Is every (second-countable) topological manifold completely metrizable?
It is known that every smooth manifold possess a complete Riemannian metric, hence in particular it is completely metrizable, however there are non smoothable manifolds.
Solution 1:
Yes.
The proof I know is a little roundabout. Let $M$ be your manifold. It is locally compact and Hausdorff, so it has a one-point compactification $M^*$ which is compact Hausdorff. Now $M^*$ is again second countable (see One point compactification is second contable), and (locally) compact Hausdorff spaces are regular, so by the Urysohn metrization theorem, $M^*$ is metrizable with some metric $d^*$. Since $M^*$ is compact, then $(M^*, d^*)$ is of course complete. Now $M$ is an open subset of $M^*$, and every open (or even $G_\delta$) subset of a complete metric space is completely metrizable (with a different metric). See Theorem 1.2 of this note for a proof; it's also in Kechris's Classical Descriptive Set Theory and probably many other standard texts.
In fact, unless I am mistaken, we just showed any locally compact Hausdorff second countable space is completely metrizable.

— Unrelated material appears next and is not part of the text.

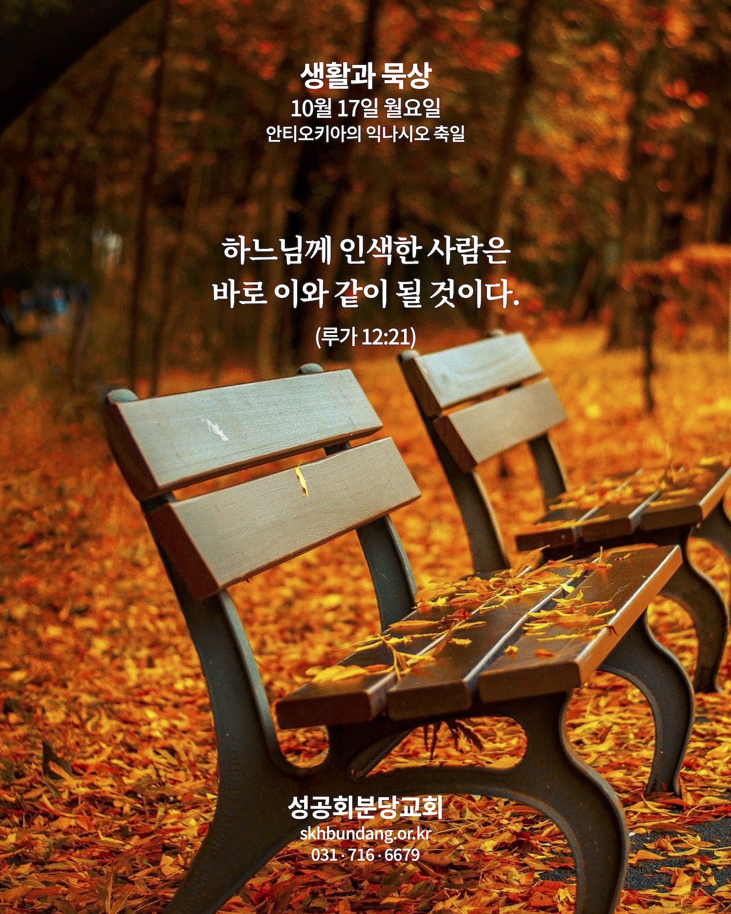 묵상카드 서로 서로 나누는 삶 by 분당교회 2022. 10. 17. 2022년 10월 17일 월요일 루가 12:13-21 안티오키아의 익나시오 축일 <묵상기도> 오늘 하루도 하늘을 서로서로 나누어 보듯이 나누는 사랑의 삶이 되기를 기도합니다. 공유하기 게시글 관리 대한성공회 분당교회 '묵상카드' 카테고리의 다른 글 은총의 책임 (0) 2022.10.19 양치기 (0) 2022.10.18 요가와 기도 (0) 2022.10.16 증인의 삶 (0) 2022.10.15 두려운데 두렵지 않은 하느님 (0) 2022.10.14 관련글 은총의 책임 양치기 요가와 기도 증인의 삶 댓글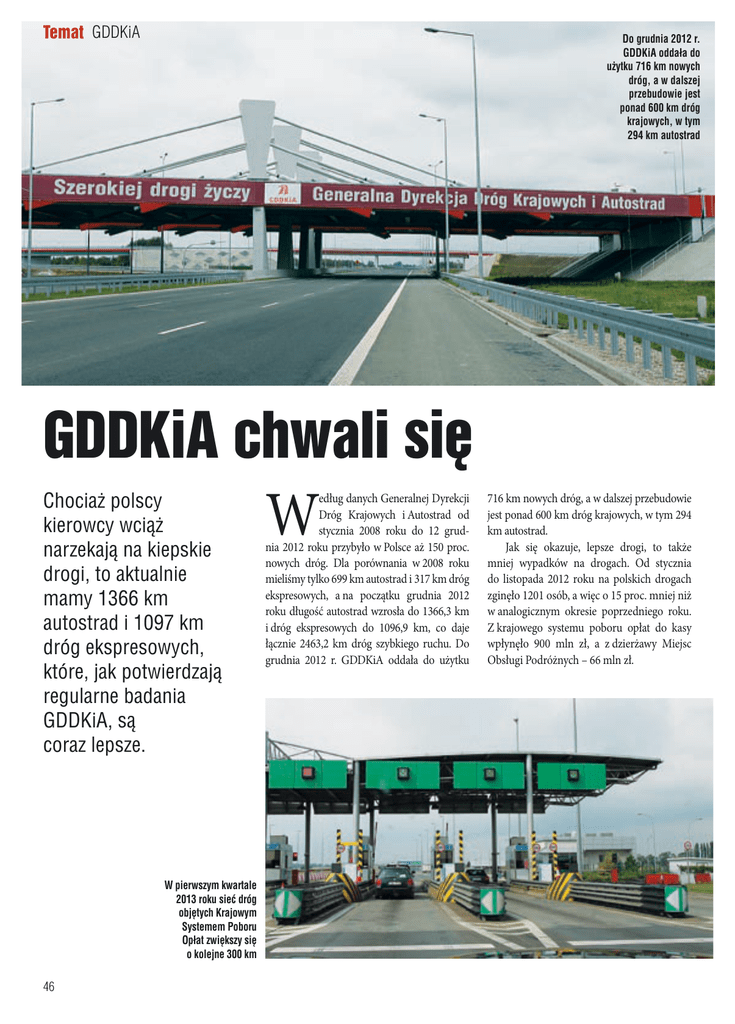 Temat GDDKiA Do grudnia 2012 r. GDDKiA oddała do użytku 716 km nowych dróg, a w dalszej przebudowie jest ponad 600 km dróg krajowych, w tym 294 km autostrad GDDKiA chwali się Chociaż polscy kierowcy wciąż narzekają na kiepskie drogi, to aktualnie mamy 1366 km autostrad i 1097 km dróg ekspresowych, które, jak potwierdzają regularne badania GDDKiA, są coraz lepsze. W pierwszym kwartale 2013 roku sieć dróg objętych Krajowym Systemem Poboru Opłat zwiększy się o kolejne 300 km 46 W edług danych Generalnej Dyrekcji Dróg Krajowych i Autostrad od stycznia 2008 roku do 12 grudnia 2012 roku przybyło w Polsce aż 150 proc. nowych dróg. Dla porównania w 2008 roku mieliśmy tylko 699 km autostrad i 317 km dróg ekspresowych, a na początku grudnia 2012 roku długość autostrad wzrosła do 1366,3 km i dróg ekspresowych do 1096,9 km, co daje łącznie 2463,2 km dróg szybkiego ruchu. Do grudnia 2012 r. GDDKiA oddała do użytku 716 km nowych dróg, a w dalszej przebudowie jest ponad 600 km dróg krajowych, w tym 294 km autostrad. Jak się okazuje, lepsze drogi, to także mniej wypadków na drogach. Od stycznia do listopada 2012 roku na polskich drogach zginęło 1201 osób, a więc o 15 proc. mniej niż w analogicznym okresie poprzedniego roku. Z krajowego systemu poboru opłat do kasy wpłynęło 900 mln zł, a z dzierżawy Miejsc Obsługi Podróżnych – 66 mln zł. Dzięki oddanym w tym roku drogom kierowcy w krótszym czasie pokonają trasę np. ze stolicy do Łodzi, Wrocławia czy Gdańska (Warszawa–Łódź – krócej o 1,5 godz; Warszawa–Wrocław – krócej o 2 godz; Warszawa–Gdańsk – krócej o 1,5 godziny). Wiele z tych dróg zrealizowano za kwoty niższe niż planowane w kosztorysach inwestorskich. Przykładem mogą być chociażby dwa odcinki autostrady A2 Łódź–Warszawa; autostradowa obwodnica Mińska Mazowieckiego oraz odcinki drogi ekspresowej S8 z Zambrowa do Wiśniewa i z Wrocławia do Sycowa. Urealniło to ceny budowy dróg w Polsce przybliżając je do cen europejskich. Średnia cena budowy 1 km drogi szybkiego ruchu w Polsce to obecnie ok. 10 mln euro. W konsekwencji kierowcy mogą obecnie korzystać z 1366,3 km autostrad i 1097 km dróg ekspresowych, a Program Budowy Dróg Krajowych obowiązujący do 2015 r. został zrealizowany w ponad 60 proc. Inwestycje budowlane GDDKiA realizowało 133 generalnych wykonawców. W 2012 r. liczba budujących zmniejszyła się o 8 wykonawców, którzy ogłosili upadłość. Stanowi to 6 proc. wykonawców, którzy mieli podpisane umowy z GDDKiA. Najważniejsza jakość Z uwagi na skalę zamierzeń inwestycyjnych istotnym elementem nadzoru nad realizowanymi inwestycjami jest kwestia prawidłowej jakości budowanych dróg. GDDKiA systematyczne monitoruje jakość robót za pomocą własnych laboratoriów drogowych wypo- sażonych w nowoczesny sprzęt pomiarowy i diagnostyczny. Laboratoria te wykonują co najmniej 10 proc. badań wymaganych przez specyfikację przetargową. Dzięki temu możliwa jest bieżąca kontrola jakości realizowanych prac. W wyniku przeprowadzonych analiz w sposób szczególny zwracana jest uwaga na tych wykonawców, u których negatywne wyniki badań laboratoryjnych przekroczyły 25 procent ogółu badań. Celem jest wychwycenie na jak najwcześniejszym etapie realizacji inwestycji wszystkich nieprawidłowości, tak by wykonawca usunął je niezwłocznie, w ramach podpisanego kontraktu. W ciągu 11 miesięcy 2012 roku laboratoria drogowe przebadały 63392 próbki z 61 kontraktów inwestycyjnych, z czego 15% nie spełniało wymagań. Dla przypomnienia w 2010 roku na 700 pobranych próbek 40% nie spełniało wymagań, a w 2011 na 49065 próbek 18%. Pozwoliło to na wykluczenie już na etapie budowy nieprawidłowości zagrażających najwyższej jakości realizowanych inwestycji. Plany na 2013 W 2013 r w realizacji będzie 706,3 km dróg, do ruchu zostanie oddanych 401 km dróg, w tym 126,3 km autostrad i 235 km dróg ekspresowych. Na realizację zadań budowlanych zarezerwowanych jest w programie budowy dróg na lata 2011-2015 18 mld zł z czego 15 mld zł będzie pochodzić z Krajowego Funduszu Drogowego. Prognozowane wpływy do KFD z tytułu refundacji środków UE to 6,8 mld zł (w tym POIŚ – 6,6 mld zł oraz PORPW – 200 mln Średnia cena budowy 1 km drogi szybkiego ruchu w Polsce to obecnie ok. 10 mln euro Lista dróg objętych rozszerzeniem: Styczeń 2013: 1. Autostrada A1 - Odcinek węzeł Pyrzowice - węzeł Sośnica (43,7 km) - Odcinek węzeł Kotliska – węzeł Stryków I (39,29 km) 2. Droga ekspresowa S1 - Odcinek węzeł Pyrzowice- węzeł Lotnisko (1,9 km) 3. Droga ekspresowa S8 - Odcinek węzeł Pawłowice – węzeł Dąbrowa (22,1 km) - Odcinek węzeł Cieśle – węzeł Syców Wschód (25,1 km) - Odcinek węzeł Modlińska – węzeł Piłsudskiego (7,1 km) Marzec 2013: 1. Droga ekspresowa S7 i droga krajowa nr 7 - Obwodnica Elbląga, odcinek skrzyżowanie z drogą powiatową nr 1104N – węzeł Raczki (ok. 3,7 km) - Odcinek węzeł Modlniczka – węzeł Balice I (ok. 3,5 km) - Odcinek węzeł Raczki – węzeł ElblągWschód (ok. 3,8 km) 2. Droga ekspresowa S8: - Odcinek węzeł Piotrków – węzeł Radziejowice (ok. 93,6 km) 3. Droga ekspresowa S19: - Odcinek Stobierna – węzeł RzeszówWschód (ok. 6,9 km) 4. Droga krajowa nr 4: - Obwodnica Jarosławia, odcinek Tywonia – Tuczempy (koniec obwodnicy Jarosławia) (ok. 11,3 km) 5. Droga krajowa nr 79: - Odcinek Jaworzno (granica miasta) – węzeł Modlniczka (ok. 37,8 km) zł). Zaplanowane wpływy z Krajowego Systemu Poboru Opłat (wpływy z elektronicznego i manualnego poboru opłat) w 2013 roku szacowane są w wysokości 1,48 mld zł. W pierwszym kwartale 2013 roku sieć dróg objętych Krajowym Systemem Poboru Opłat zwiększy się o kolejne 300 km. Rozszerzenia nastąpią w styczniu 2013 r. (139,12 km) oraz w marcu 2013 r. (160 km). Źródło: GDDKiA, fot. Lesław Sagan 47

If there is a more direct proof, I would be interested to see it!
Solution 2:
Express $M$ as a union of open sets $\{U_n\}$ with $clos(U_n)$ compact and contained within $U_{n+1}$ (always possible if $M$ is not itself compact).
Put a Riemannian metric $g_0$ on $M$. Revise $g_0$ to $g_1$ as follows: $g_1 = f_1 g_0$ for $f_1$ a positive scalar function obeying:
(a) $f_1 = 1$ on $U_1$ and
(b) on $U_3 - U_2$, $f_1 < 1/\sqrt{d_0(U_2, M - U_3)}$ (where $d_0$ = distance function generated by $g_0$).
Note that for $d_1$ the distance function generated by $g_1$, $d_1(U_2, M - U_3)$ is at least $1$; in particular, any curve starting in $U_1$ and escaping to infinity must have at least length $1$, because it crosses from the boundary of $U_2$ to the boundary of $U_3$, a distance of at least $1$.
Now continue inductively: treating $U_3$, $U_4$, and $U_5$ as we just did $U_1$, $U_2$, and $U_3$ and creating $g_2 = f_2 g_1$, with any curve from $U_1$ escaping to infinity having length at least $2$, as it crosses both from boundary of $U_2$ to $U_3$ (same metric as $g_1$) as well as from boundary of $U_4$ to boundary of $U_5$ (again with distance at least $1$); and so on.
We end with a well-defined metric $g_{\infty} = \lim g_n$. Any curve escaping to infinity must cross an infinite number of bands of width at least $1$ in $g_{\infty}$, so it must have infinite length in $g_{\infty}$. That means $(M, g_{\infty})$ is complete.